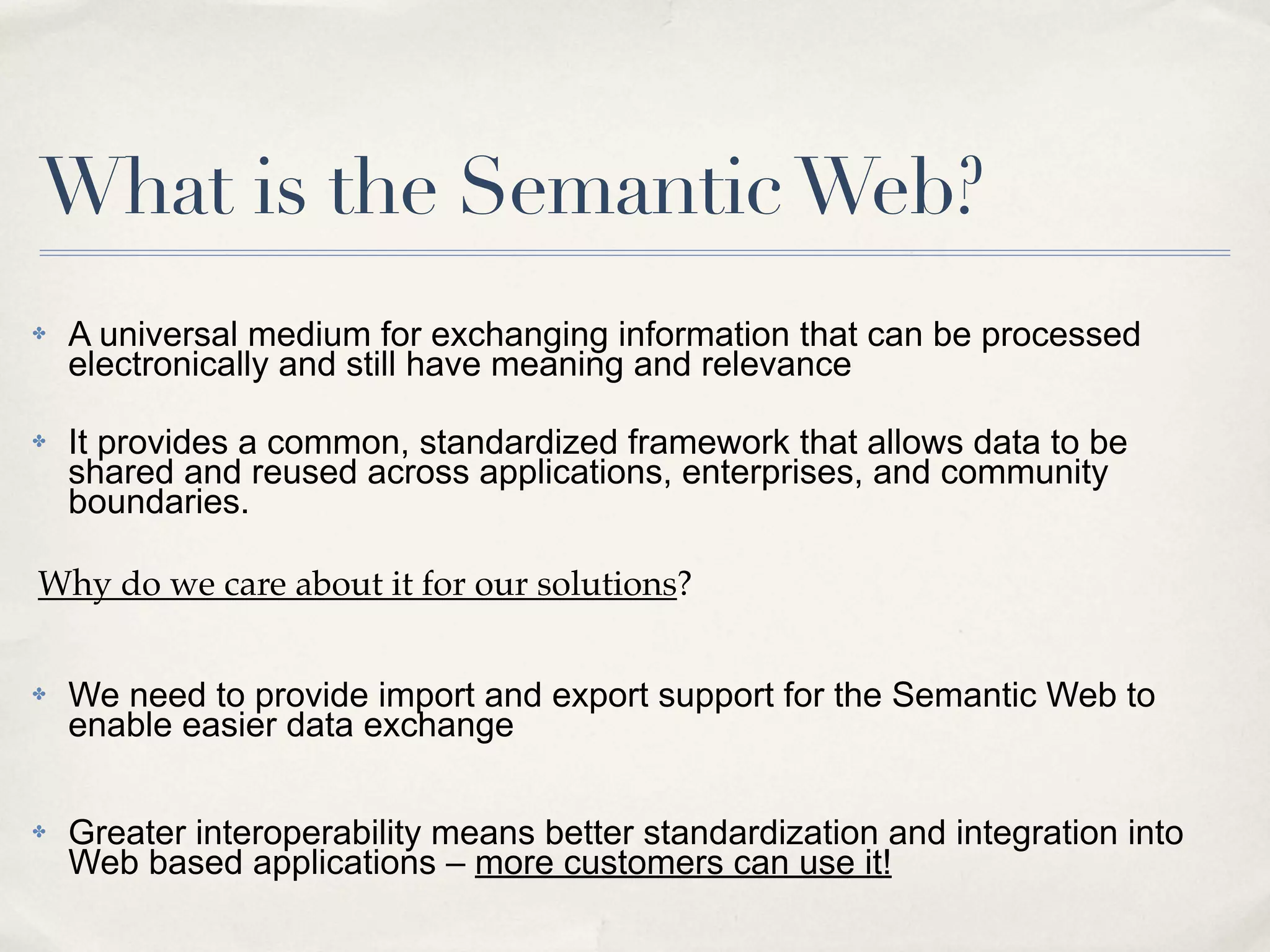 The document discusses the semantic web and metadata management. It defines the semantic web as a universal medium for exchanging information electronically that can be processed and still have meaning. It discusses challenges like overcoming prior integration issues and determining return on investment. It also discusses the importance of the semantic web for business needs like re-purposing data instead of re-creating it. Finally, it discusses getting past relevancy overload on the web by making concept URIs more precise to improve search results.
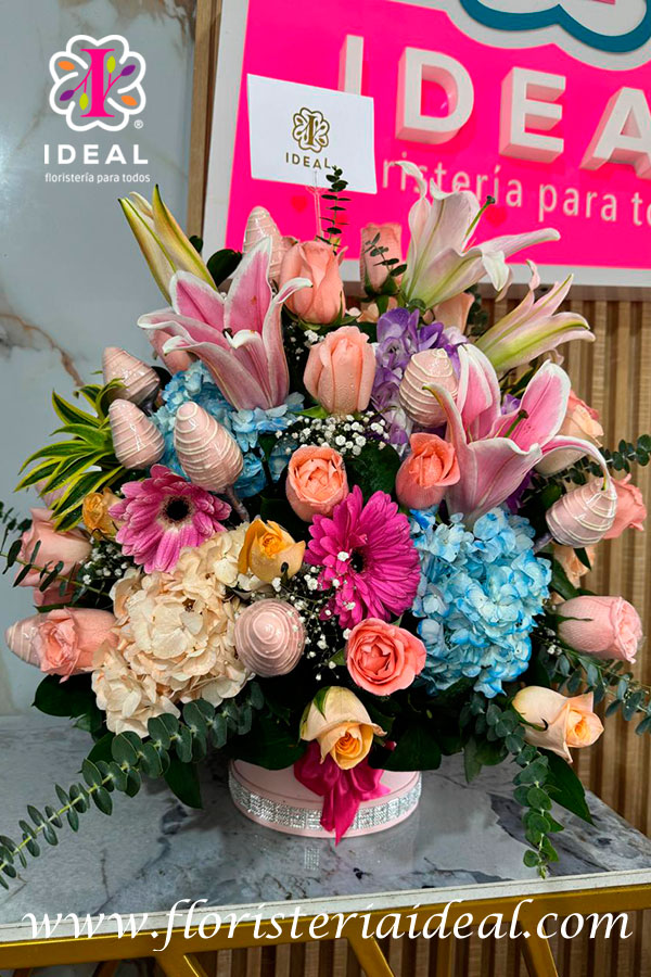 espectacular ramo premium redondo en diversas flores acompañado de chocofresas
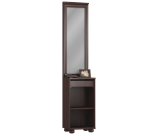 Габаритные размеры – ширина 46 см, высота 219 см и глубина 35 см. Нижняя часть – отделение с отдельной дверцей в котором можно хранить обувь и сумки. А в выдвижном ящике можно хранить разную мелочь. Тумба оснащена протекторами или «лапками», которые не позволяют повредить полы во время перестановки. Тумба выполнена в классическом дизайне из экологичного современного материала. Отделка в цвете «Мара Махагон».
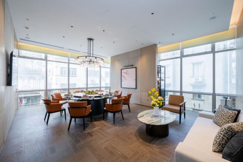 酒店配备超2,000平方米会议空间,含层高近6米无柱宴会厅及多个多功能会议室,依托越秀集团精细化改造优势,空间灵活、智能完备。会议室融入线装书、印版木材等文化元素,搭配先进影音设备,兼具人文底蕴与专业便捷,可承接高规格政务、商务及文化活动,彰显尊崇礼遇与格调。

* Task prompt:
Everything from the line with "Габаритные размеры –" through the last line of the listing should be retyped exactly, with both end lines kept and the pictures left out.

* Output of the task:
 Габаритные размеры – ширина 46 см, высота 219 см и глубина 35 см. Нижняя часть – отделение с отдельной дверцей в котором можно хранить обувь и сумки. А в выдвижном ящике можно хранить разную мелочь. Тумба оснащена протекторами или «лапками», которые не позволяют повредить полы во время перестановки. Тумба выполнена в классическом дизайне из экологичного современного материала. Отделка в цвете «Мара Махагон».
 酒店配备超2,000平方米会议空间,含层高近6米无柱宴会厅及多个多功能会议室,依托越秀集团精细化改造优势,空间灵活、智能完备。会议室融入线装书、印版木材等文化元素,搭配先进影音设备,兼具人文底蕴与专业便捷,可承接高规格政务、商务及文化活动,彰显尊崇礼遇与格调。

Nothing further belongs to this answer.